Saturday, February 3, 2007

Extraordinaire

Am no ordinary worry wart - I can blab all the details here and I bet, like all the others, you'd probably give me a dry look. I have seen loved ones give me that drudged look everytime I'd voice out what preengages my code-filled mind. What can I say, I am spellbound.

For several months now, I am having what some would coin as quarter life crisis. And yes, this year, I'll be 24 and yet am still quite dubious on which road I should be hoofing on. I have seen/heard several 30 something people whine about not being able to entrench their life when they were still in their early 20s. Shaks. I don't want to caught myself whining about that too! I mean, life is too short to sparsely settle with such medicority and meaningless decisions.

Don't get me wrong, I am not rushing things nor am a perfectibilian. I am still young and I know that there is a better life that awaits me, I just have to be very patient and savor every single moment that passes by but given the reality that some things are undeniably turning uncomely here, I cannot help but yearn for a better life (Heck, who does not?!).

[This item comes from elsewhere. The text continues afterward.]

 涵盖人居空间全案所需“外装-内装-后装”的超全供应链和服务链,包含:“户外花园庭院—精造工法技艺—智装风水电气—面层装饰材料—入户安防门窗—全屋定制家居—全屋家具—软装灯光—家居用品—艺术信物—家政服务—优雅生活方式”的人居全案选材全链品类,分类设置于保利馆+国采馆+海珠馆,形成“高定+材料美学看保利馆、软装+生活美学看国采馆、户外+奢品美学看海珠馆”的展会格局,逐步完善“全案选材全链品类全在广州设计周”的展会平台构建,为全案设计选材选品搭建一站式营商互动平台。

Those who are patient enough to crack my complexities, know very well that am saving up big time for the offing. I have plans to be a full time homemaker. Cheesy as it may seem but I really want to see my kids grow right before my eyes and yes, try to to be the best wife that I can ever be.

I swear, 'tis so beyond words. I am just glad that I have such earthly angels who never seem to grow tired giving back my life and I know that, to borrow a line from an old song, God must have spent a little more time on me.

In the meantime, am trying to squeeze all the best thing that school has to offer. 'Tis time, am no longer studying but learning.